Guest Author – Day 62

To all our prayerful supporters,
This week, like all weeks, offered challenges and joys. Thankfully amidst many of our challenges we have received tremendous support this week. So many of you have written to us this week and we are thrilled. We enjoyed every note, e-mail, phone call, website entry and thoughtful visit.
This week among all of your letters and notes there is something that we read that really stands out. Maggie and Max each have a journal. We encourage each of them to write in it every day. Think about how you feel and put it down on paper. Some days this occurs with no issues. Other days, like life, offers challenges. We would like to share an entry from Maggie’s journal. (We have asked her and she had graciously given us permission. Though at first she did not want the credit. I always thought that Maggie was going to be our “Saint”. Catie now has the head start.)
Maggie writes,
Today as I was delivering the wash, I was singing to myself about Catie and how I missed her. Even though I miss her I am happy for her. Suddenly a thought came over me. At first I thought it was stupid. However, the more I thought about it, the more it made sense to me. It is actually a movie line from Sandlot. It simply states: “Kid, heroes get remembered, but Legends never die.” It made me think about Catie and how I wanted her to be cured. It made me think maybe if she was cured she would not be remembered the same way. So even this very simple thought brought me peace with what God did. I found happiness that grew each time I thought about Catie in my mind.

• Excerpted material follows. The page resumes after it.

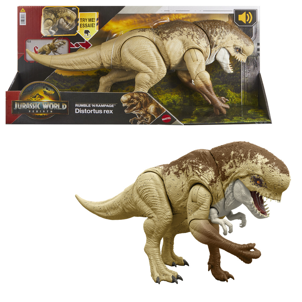 Ощутите адреналин Мира Юрского периода с этой аутентичной экшн-фигуркой динозавра Дистортус Рекс "Монстро-рёв"!
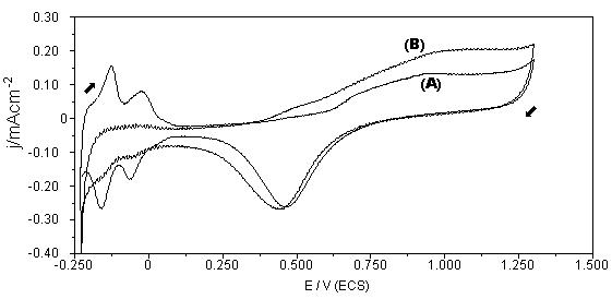e (B) eletrodo de Pt modificado.

When I read this I knew exactly how Maggie felt. It brought tears to my eyes. Not tears of sadness or longing but tears of pride and understanding. Maggie understands the importance of God’s plan in our lives and is finding acceptance and peace in her own understanding. Praise the Lord.
Several of the phone calls that we have received have been from well meaning individuals offering us counseling support. Each time I kindly and politely decline the offer. Several times the caller has insisted that I write down their number. “Please, Mrs. O’Brien, you may not even know how much you could benefit from our services. Grieving the loss of a child who died tragically is a very difficult thing for anyone to deal with successfully. You might not be doing as well as you think. So do you have a pen and paper?” I write down the number and then usually begin to think and question how we all are doing.
Am I crazy? When I listen to these callers I am so rattled; they are the professionals; I must need to talk to someone. On the other hand I am talking with God in prayer. Is that enough? It may not be for everyone. (I have nothing against therapy – I have gone. If I am sad or having difficulty working through something I would always look for help.) I have frequently questioned if I am losing it. Funny I never think that Kevin is losing it. But when I read Maggie’s journal entry I realize that all of your prayers are lifting us up to God and that God is guiding us now just like He did throughout all of Catie’s illness.. Instead of looking at all that needs to be accomplished, for me, I need to remember to find time in each day to pray to God – to reach out to my creator and ask the question. Lord, what do you want me to do today?
May each of you make the time each day to ask the questions that need to be asked and have the strength to listen to the answers.
Peace be with you all,
Maggie, Christine, Kevin, Max, Mia, Molly and M.E.
P.S. The Marlo Thomas letter is coming tomorrow. We just wanted to give Maggie her own special day and entry.